Unit 2: Supervised Learning: Regression

Linear and logistic regression with evaluation

Learning Outcomes
  • Explain linear and logistic regression
  • Fit regression models with scikit-learn
  • Interpret coefficients and predictions
  • Evaluate models with suitable metrics

Linear Regression

Linear regression models a continuous target as a weighted sum of the input features, with weights chosen to minimise the mean squared error between predictions and actual values.

from sklearn.linear_model import LinearRegression model = LinearRegression().fit(X_train, y_train) pred = model.predict(X_test)

Logistic Regression

Despite its name, logistic regression is a classification method that passes a linear combination of features through the sigmoid function to output a class probability between zero and one.

from sklearn.linear_model import LogisticRegression clf = LogisticRegression().fit(X_train, y_train)

Evaluation Metrics

Regression quality is measured with MSE, RMSE and the R squared score, while classification uses accuracy, precision, recall and the F1 score, chosen according to the problem and class balance.

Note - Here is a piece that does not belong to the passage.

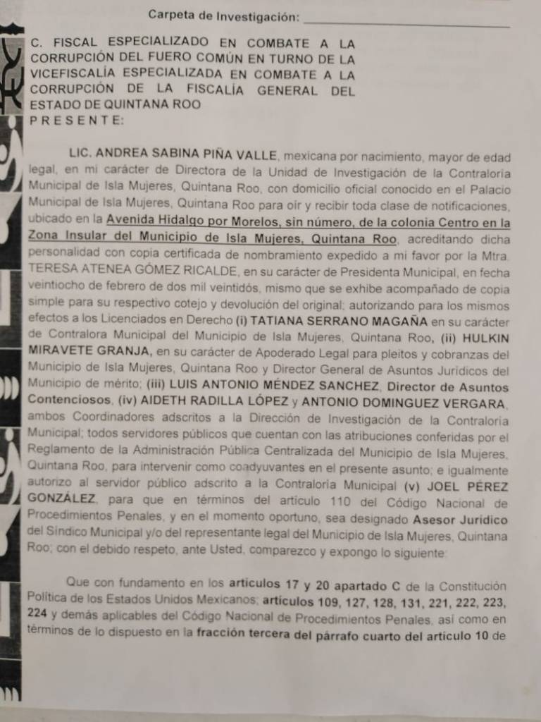 La documentación faltante, en el expediente técnico unitario de esta obra, es entre otras: estudios, proyecto arquitectónico e ingeniería de una obra, el catálogo de conceptos y especificaciones de construcción, como el caso de la construcción de calles en la etapa 3 y programa de ejecución que infringe las leyes en varios fracciones de la Ley de Obras Públicas y Servicios relacionados con las mismas del estado. También Incluso el documento describe la falta de manifestación escrita de conocer el sitio de los trabajos; el programa de utilización de personal técnico, administrativos y de servicios encargados de la dirección, supervisión y administración de los trabajaos, comprobante de cobro anticipo, póliza de cheques o transferencia interbancaria y todavía más, la inconsistencia en la bases para la licitación, ya que no se integra la constancia de registro formulada por la administración general de auditoría fiscal, no demostrados el capital mínimo requerido, no se integraron las cotizaciones de los insumos que se utilizaron en los conceptos de ejecución de obras. Sin embargo, los exfuncionarios isleños López Barrientos y Lara Avalos hoy están ahora en la administración pública municipal de Puerto Morelos que preside Blanca Merari (2021-2024). Todo lo narrado con anterioridad está atestiguado en un reporte final y en tres actas levantadas en reuniones de trabajo; la primera con el úmero ART/461-648/CP2020/IM/2021/01LAVANTADA en Chetumal el 19 de julio de 2021 en la Auditoría Superior del Estado. Para nada la exdirectora general de Obras Públicas y el exdirector de Licitación de Obras Públicas (ambos de Isla Mujeres) aportaron información para solventar las especificaciones señaladas en la denuncia, de la que los dos conocían el modo en que se ejecutaban las obras del alumbrado público y la construcción de calles. Sí llama la atención que se han hechos publicaciones al respecto, y declaraciones de la presidenta municipal de Isla Mujeres Atenea Gómez Ricalde, no se tiene número de caso o carpeta de investigación realizada por la Contraloría Municipal ante el fiscal especializado en Combate a la Corrupción del Fuero Común en turno de la Vicefiscalía especializada en combate a la corrupción de la Fiscalía General del Estado (FGE) de Quintana Roo.

from sklearn.metrics import r2_score print(r2_score(y_test, pred))

Summary

This unit introduced regression for continuous targets and logistic regression for classification, together with the metrics used to judge regression and classification performance.

Exercises

  • Fit a linear regression model and report its R squared score.
  • Explain why mean squared error penalises large errors heavily.
  • State when precision matters more than recall.
  • Interpret the coefficients of a fitted linear model.